Segment Start: Supplied material

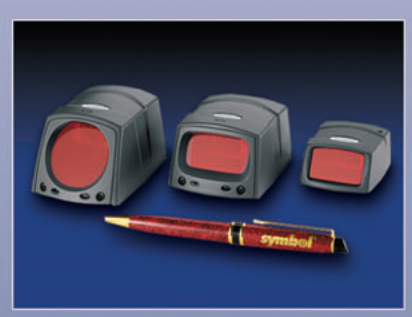
MiniScan Series Bar Code Readers. 640 Scans per second. Laser, Smart raster pattern. RS232 or USB interface
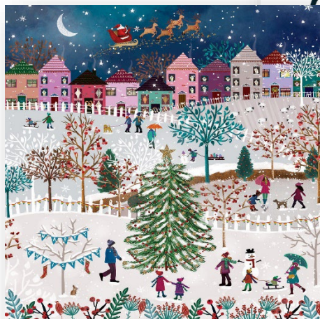
Christmas Eve Together (D)
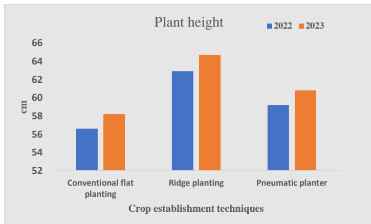
Fig 1. Effect of different crop establishment methods on plant height of maize at 30 DAS
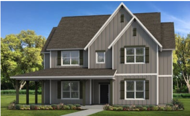
Elevation C | The Granbury
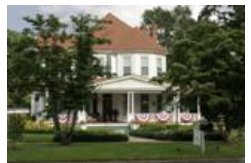
Traveler's Rest Bed & Breakfast
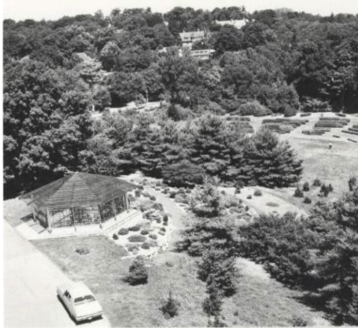
Bonsai House (left), Dwarf Conifer Collection (center), and Hedge Collection (background right), 1972

2e. Subject exterior aerial view centennial Number 4 prints Date May 1972
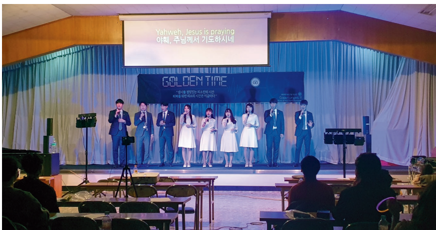
Golden Angels had a concert during the youth worship program, "Golden Time."

The health and safety protocols for the prevention of COVID-19 were well maintained throughout this program. In an auditorium which has a maximum capacity of 250 people, a total of 42 people participated, comprised of 32 youth and 10 Golden Angels members. KF-94 facial masks were distributed to all participants and a mandatory usage of those masks was enforced. In addition, constant checking of temperatures as well as strict social distancing was practiced.
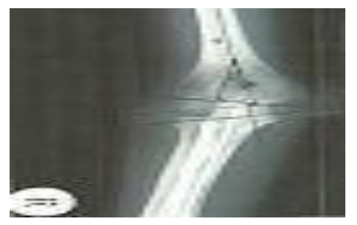
Figure 3 : Radiography of the elbow supracondylar fracture.

It gives the possibility to use the results of measurement of the TCI to determine better evaluation of treatment outcome of the fracture (Figure 3). The result of the present study can have implications on the general population of children with supracondylar fractures of the elbow because the sample population in this study is the same as in previous studies.
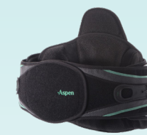
Vista 637 LSO Vista 637 LSO LoPro
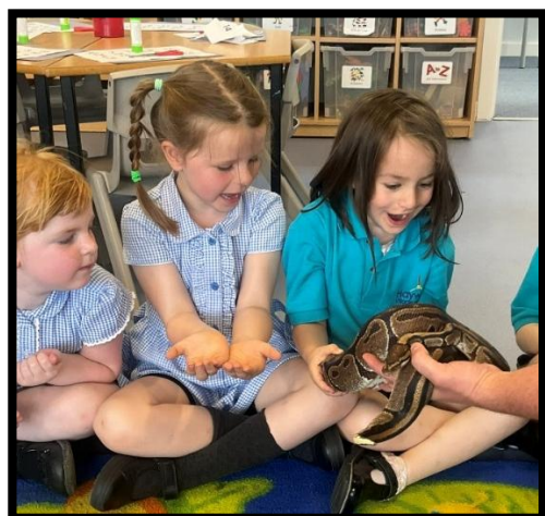
As part of their new theme of enquiry, Reception children had a visit from some Rainforest animals. They demonstrated curiosity and courage when asking interesting questions and holding the animals.
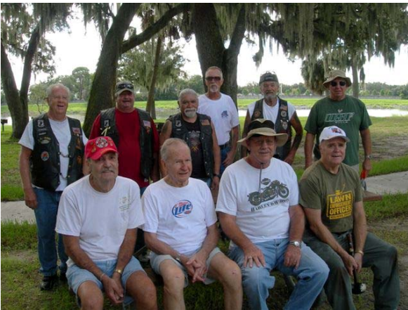
Thank you to the working party at the Field of Honor!
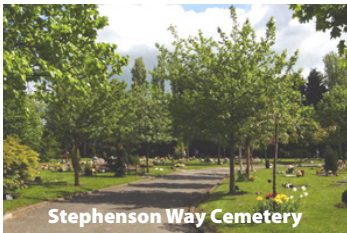
Stephenson Way Cemetery
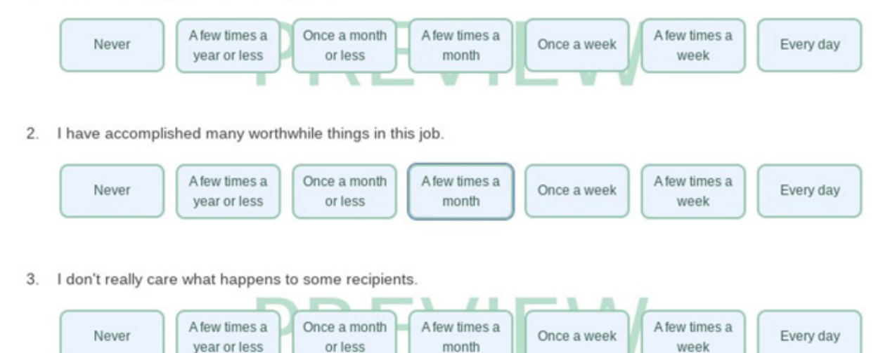
Figure 4. Sample questions of MBI

1. I feel emotionally drained from my work.
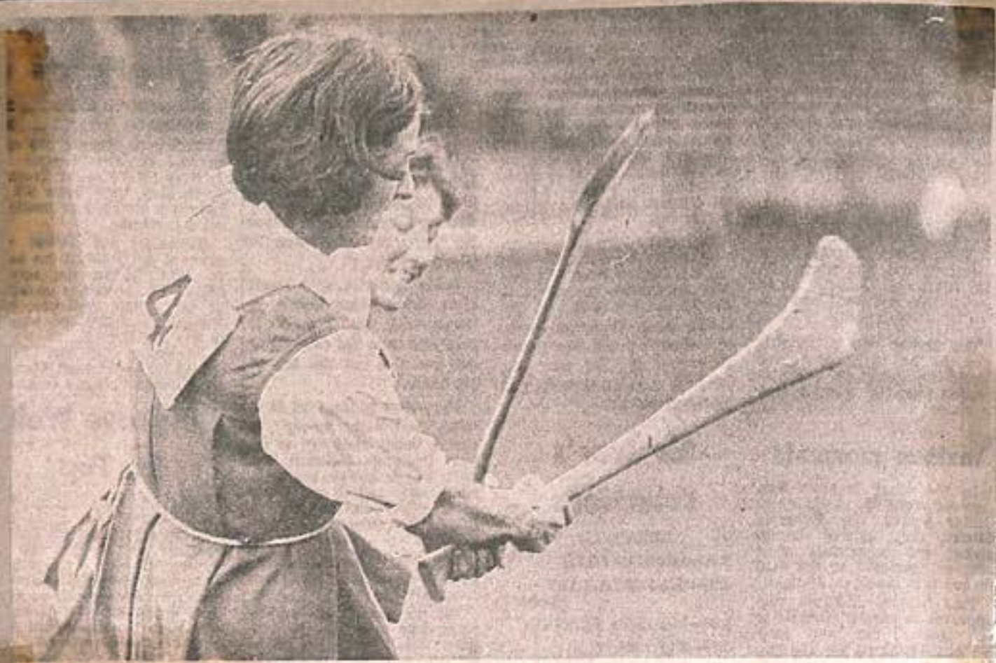
● A fine shot from the All-Ireland senior camogie final between Cork and Wexford at Croke Park yesterday.
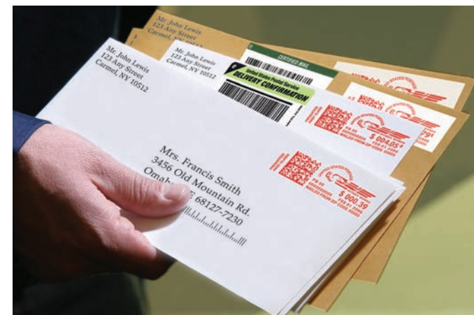
Full range of carrier rates and services right from your mail center.
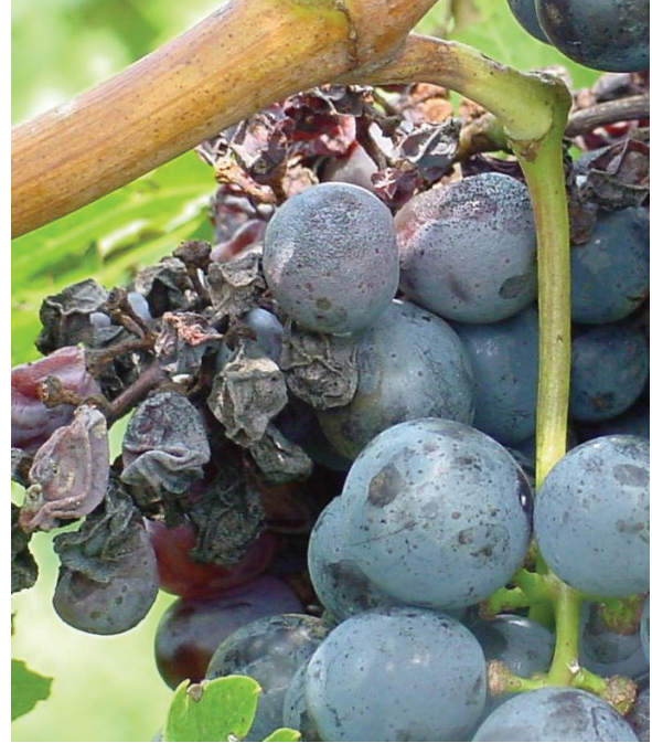
Fig 4. Ripe rot
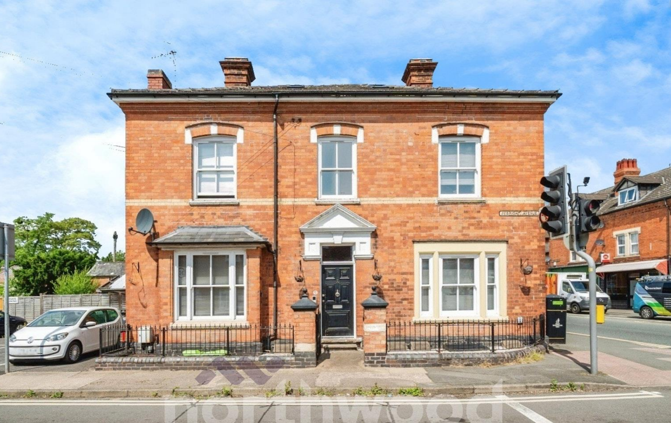
Willersley House, 2 Sebright Avenue, Worcester

Segment End: Supplied material

What to do: Copy each line above that contains the string "from".

Result of the exercise:
As part of their new theme of enquiry, Reception children had a visit from some Rainforest animals. They demonstrated curiosity and courage when asking interesting questions and holding the animals.
1. I feel emotionally drained from my work.
● A fine shot from the All-Ireland senior camogie final between Cork and Wexford at Croke Park yesterday.
Full range of carrier rates and services right from your mail center.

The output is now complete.